Analytical HPLC was carried out on an Agilent 1100 system (Wilmington, DE) equipped with a Vydac peptide and protein analytic C-18 column (Anaheim, CA). The sample was eluted with water and acetonitrile containing 0.1% TFA varying from 10% to 80% over 30 min. The fluorescence emission scan was measured using a Spex Fluorolog spectrofluorimeter (Jobin Yvon, Inc., Edison, NJ), while the fluorescence intensity of PG-Gd-NIR813 was measured using the 800-nm channel of an Odyssey Imaging system (LI-COR Biosciences).
2.3. In Vivo Imaging and Biodistribution Studies
Rat glioma C6 cells and mouse lymphoma A20 cells were obtained from the American Type Culture Collection (Rockville, MD). Cells were grown in RPMI-1640 plus 10% fetal bovine serum. Cells were trypsinized and suspended in Hanks’ balanced salt solution (HBSS, Sigma, Saint Louis, MO) before inoculation.
All animal studies were carried out in the Small Animal Imaging Facility at M. D. Anderson Cancer Center in accordance with institutional guidelines.
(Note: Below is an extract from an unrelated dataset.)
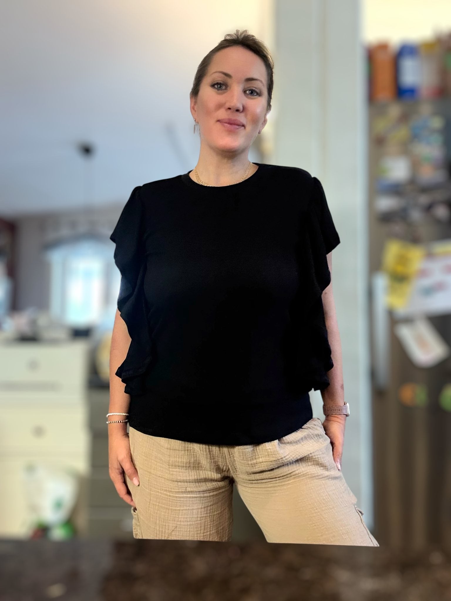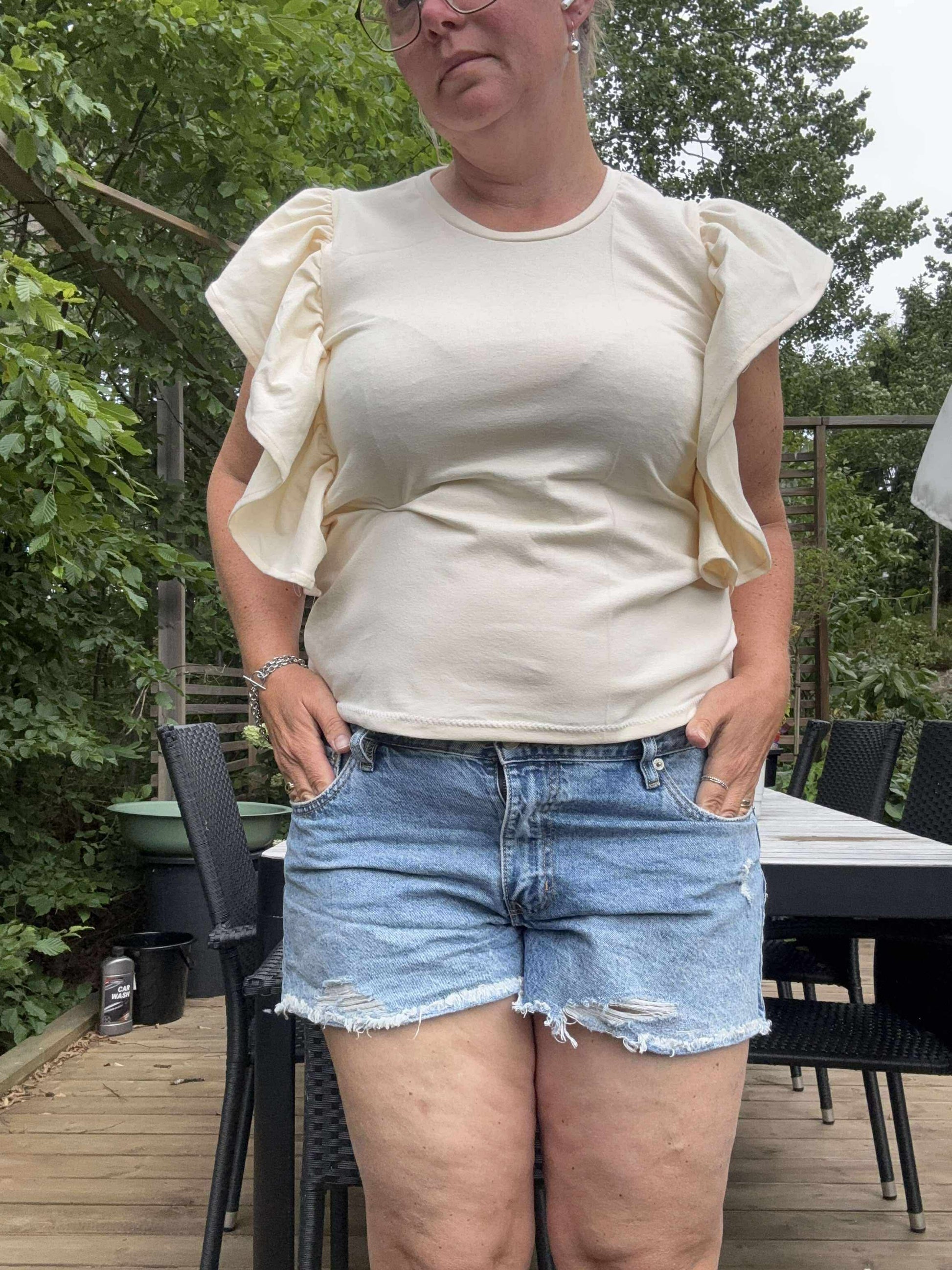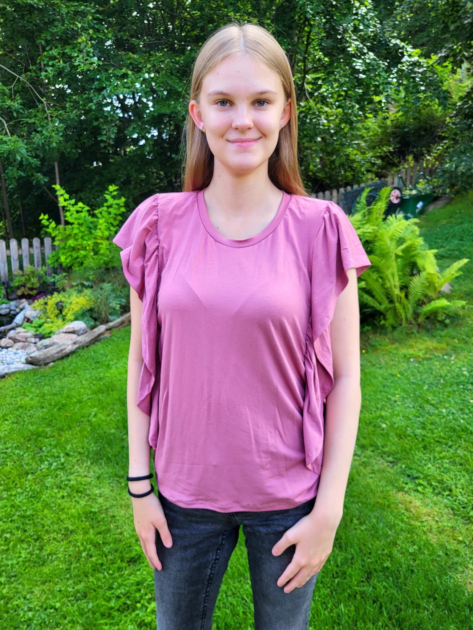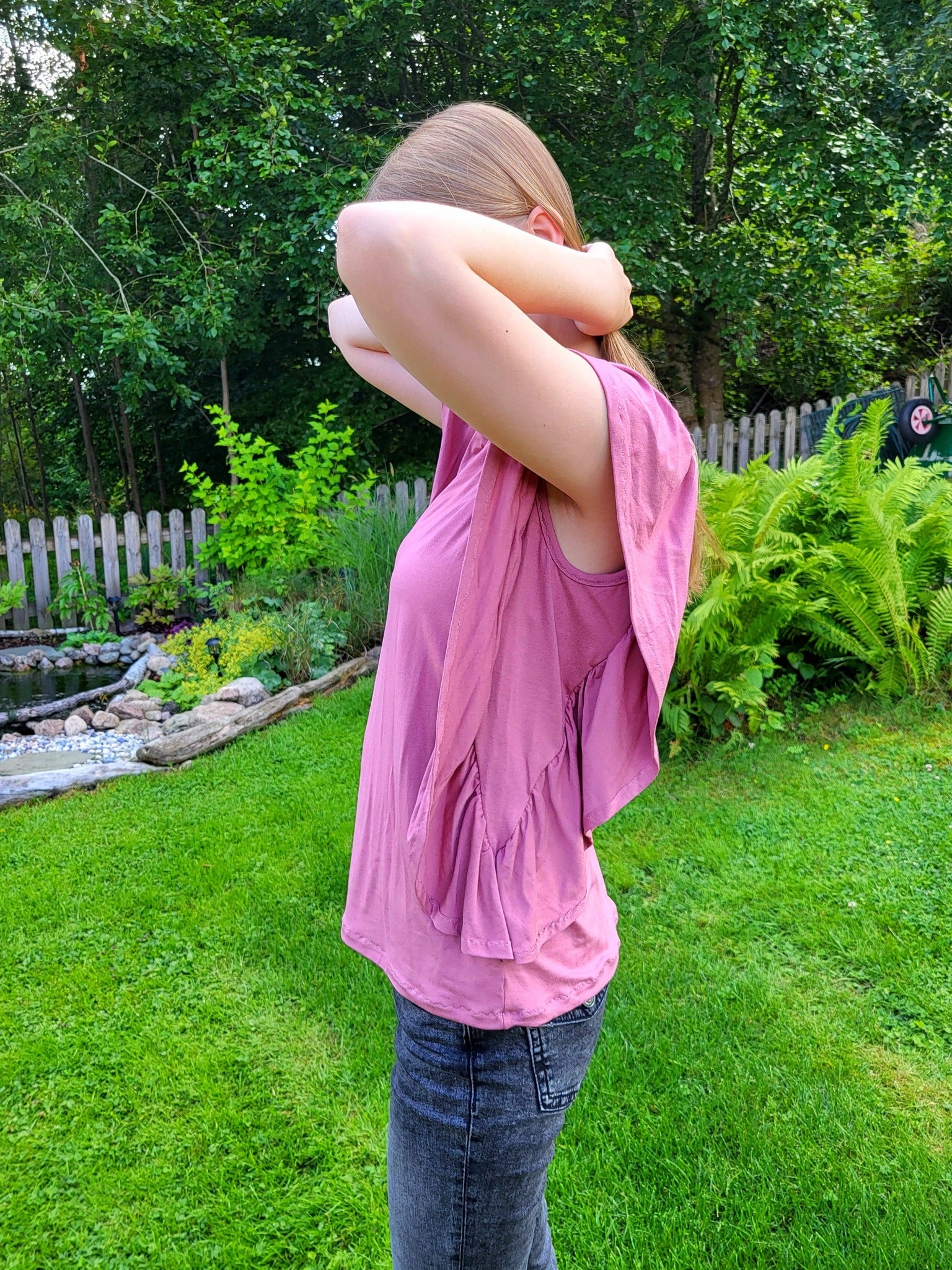 Frillie Top är en söt modell med generösa volanger som faller ner över axlarna och som sträcker sig ner till toppens sidosöm. Den kan även sys som en vanlig rak tank top utan volang vilket gör mönstret användbart för flera typer av projekt.
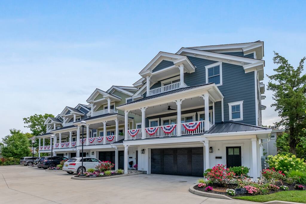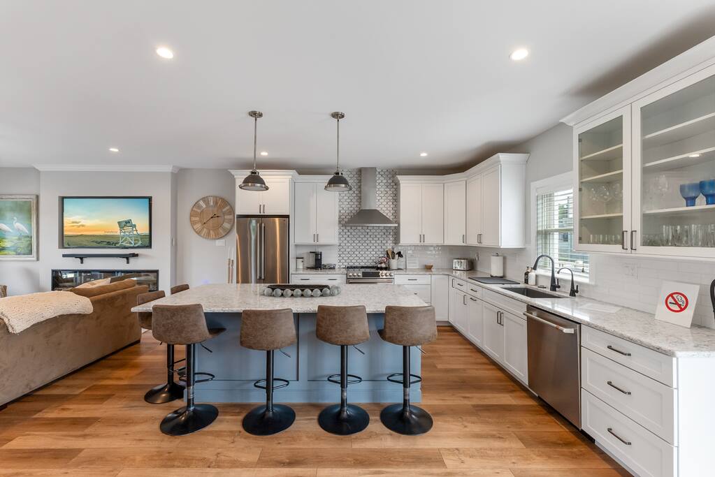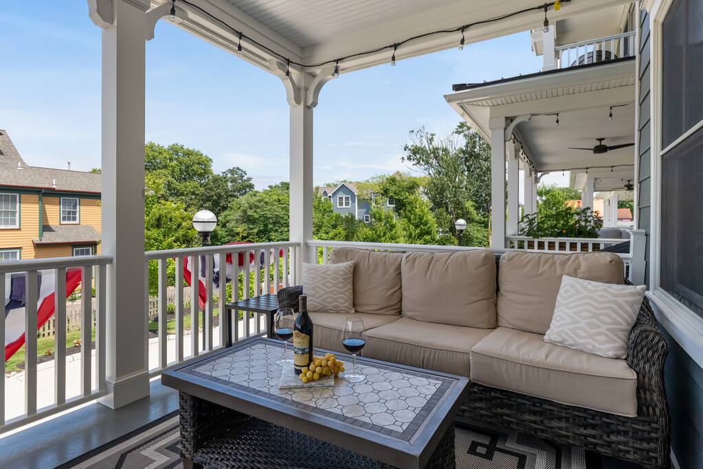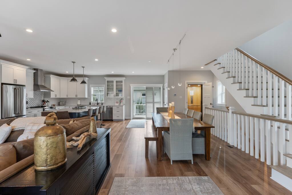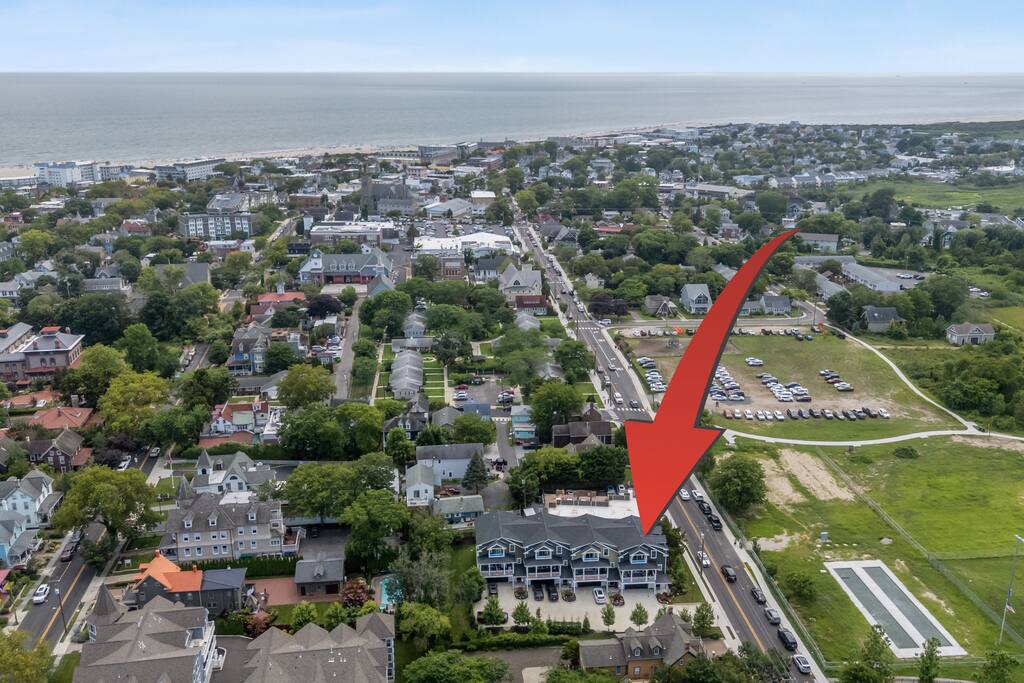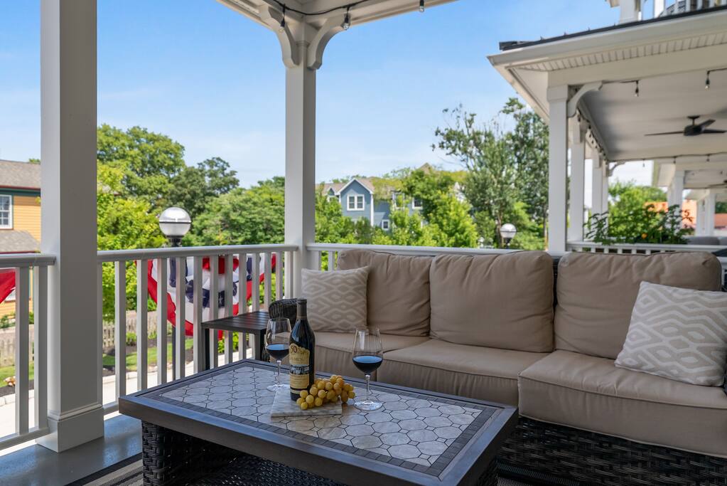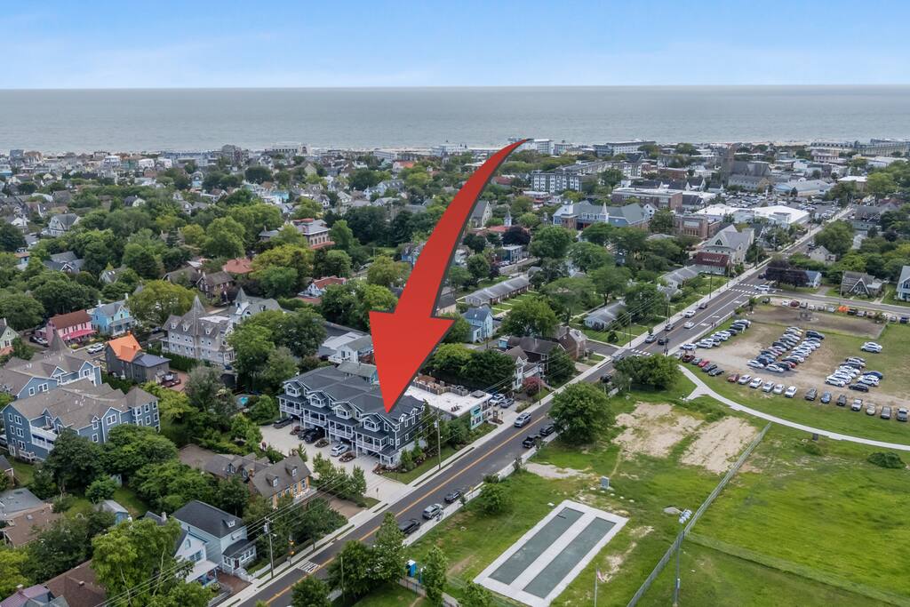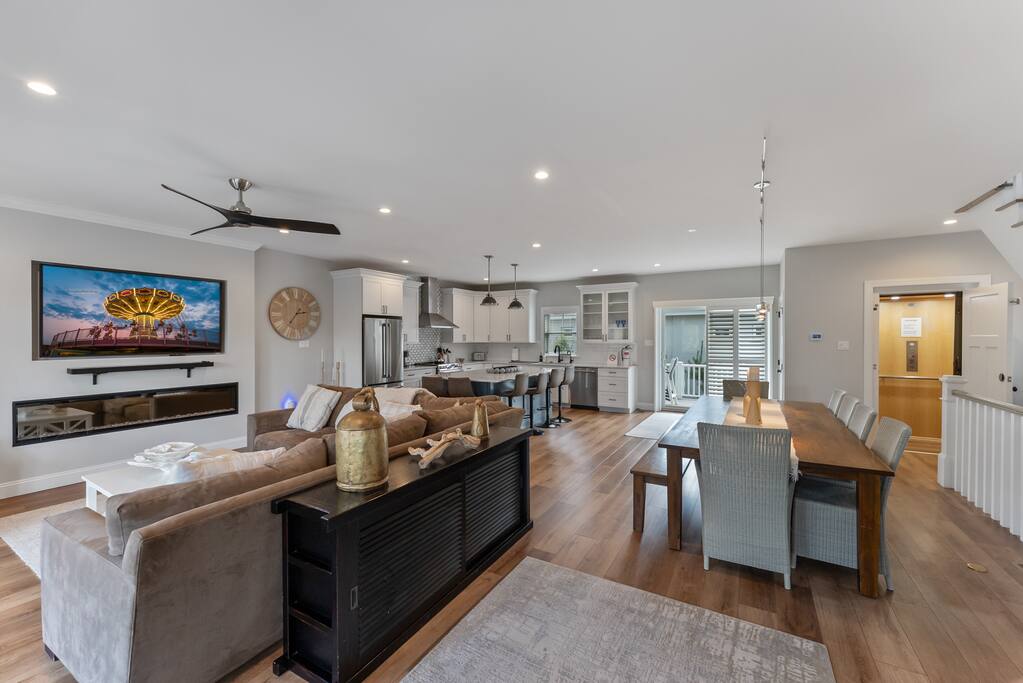 Newly Constructed End Unit Townhome in Downtown Historic Cape May NJ. The home is within walking distance to the beach, Washington St Mall and many restaurants/bars and shopping. Home is across the street from a park and a newly constructed nature/birding trail. Home Features: FEATURES: *Sleeps 8 guests, 4 bedrooms all with private full baths and TV's; 2 King, 2 Queen *Linens and Bath Towels Provided *4.5 Bathrooms *Elevator to all floors *Open Concept Living Room with Fireplace and modern kitchen with large island and dining table. *Two front private covered decks and one back private deck with BBQ grill and large dining table *Electric fireplace in Living Room *Two car garage with EV Charger *Walk to shops, restaurants, beach *Short drive to multiple wineries and golf courses *Close to Cape May/Lewes Ferry for day trips to Lewes, Rehobeth, Dewey, etc **BEDROOMS** All Bedrooms have private full baths attached for personal comfort and convenience. Linens and Bath Towels are provided. FIRST FLOOR: - One bedroom with King Bed and attached full bathroom w/ walk in shower, smart tv. THIRD FLOOR: - Large Primary Suite with king size bed, smart tv, dresser, closet, private covered patio, private bath with walk in shower, double sink vanity and private toilet closet. - Two more bedrooms with smart tv's, queen size beds, attached private baths, one with walk in shower, one with a bath tub/shower. **LIVING ROOM, KITCHEN and DECKS** Seamless flow of open concept living, dining, kitchen and large front and back decks set the stage for memorable moments. Living room has a large sectional couch with plenty of seating, heated electric fireplace, and large HD smart TV for fun movie nights or watching sports. Fully equipped modern kitchen with plenty of seating - a large island with 6 barstools, a separate dining table for 10 people, outdoor dining table for 6 people on the back deck and lounge seating on the front covered patio w/ ceiling fan. All of the amenities of a modern kitchen - Keurig coffee maker, electric induction stove/oven, microwave drawer and beverage fridge in the island, full size refrigerator/freezer, dishwasher. Plates, silverware, drinkware, serving and cooking utensils, pot/pans, bakeware. Prefer the outdoor grilling experience? Fire up the natural gas piped grill with the convenience of supplied utensils. Enjoy morning coffee or evening beverages on the large furnished, covered from patio just off of the living room. Or sit out back with sunshine on your face on the large open deck w/ polywood dining table and chairs just off the kitchen. A half bathroom for convenience, rounds out this floor. **GARAGE** Private Garage for 2 cars with driveway for additional 2 car parking, Garage is also equipped with an EV Wall Charger. Complimentary for guests during their stay. **ELEVATOR** Private Elevator providing accessibility to all 3 floors is perfect for those with mobility issues and is great for unloading groceries and accessing the upper floors of the home. **OUTDOOR SHOWER** Private enclosed outdoor shower in the backyard is perfect for rinsing off after a fun and relaxing day at the beach or walking through any of the multiple walking and birding trails.

C6 tumors were grown subcutaneously on the hind legs of nude rats (150 g; Harlan Sprague Dawley, Indianapolis, IN) by injecting 5 × 105 viable tumor cells suspended in PBS. When tumors had grown to 0.8–1.0 cm in average diameter (about 3 weeks after inoculation), the rats (n=3) were brought into the imaging suite for pre-contrast optical and magnetic resonance imaging.
Prior to imaging, the rats were anesthetized with 2% isoflurane gas in oxygen. During imaging, the rats were maintained in an anesthetized state with 0.5%–1.5% isoflurane in oxygen. Optical imaging was done first using an IVIS imaging system (200 series) (Xenogen Corp., Alameda, CA) with indocyanine green (ICG) filter sets (excitation band/emission band: 710–760/810–875 nm). The field of view was 13.1 cm in diameter. The fluency rate for near-infrared fluorescence (NIRF) excitation light was 2 mW/cm2. The camera settings included maximum gain, 2 × 2 binning, 640 × 480 pixel resolution, and an exposure time of 0.8 s. After the pre-contrast optical imaging, MRI was performed on a 7.0-Tesla Bruker Biospec scanner. Axial and coronal images were obtained using a 950-mT/m, 5.7-cm-inner-diameter actively shielded gradient coil system (19,000 mT/m-s slew rate) and a 3.5-cm-inner-diameter volume radiofrequency coil. T1-weighted MR images (TE = 8.5 ms, TR = 900 ms) were acquired with a 6×6 cm field of view, 0.75-mm section thickness, 0.25-mm gap, and a 192 × 128 matrix.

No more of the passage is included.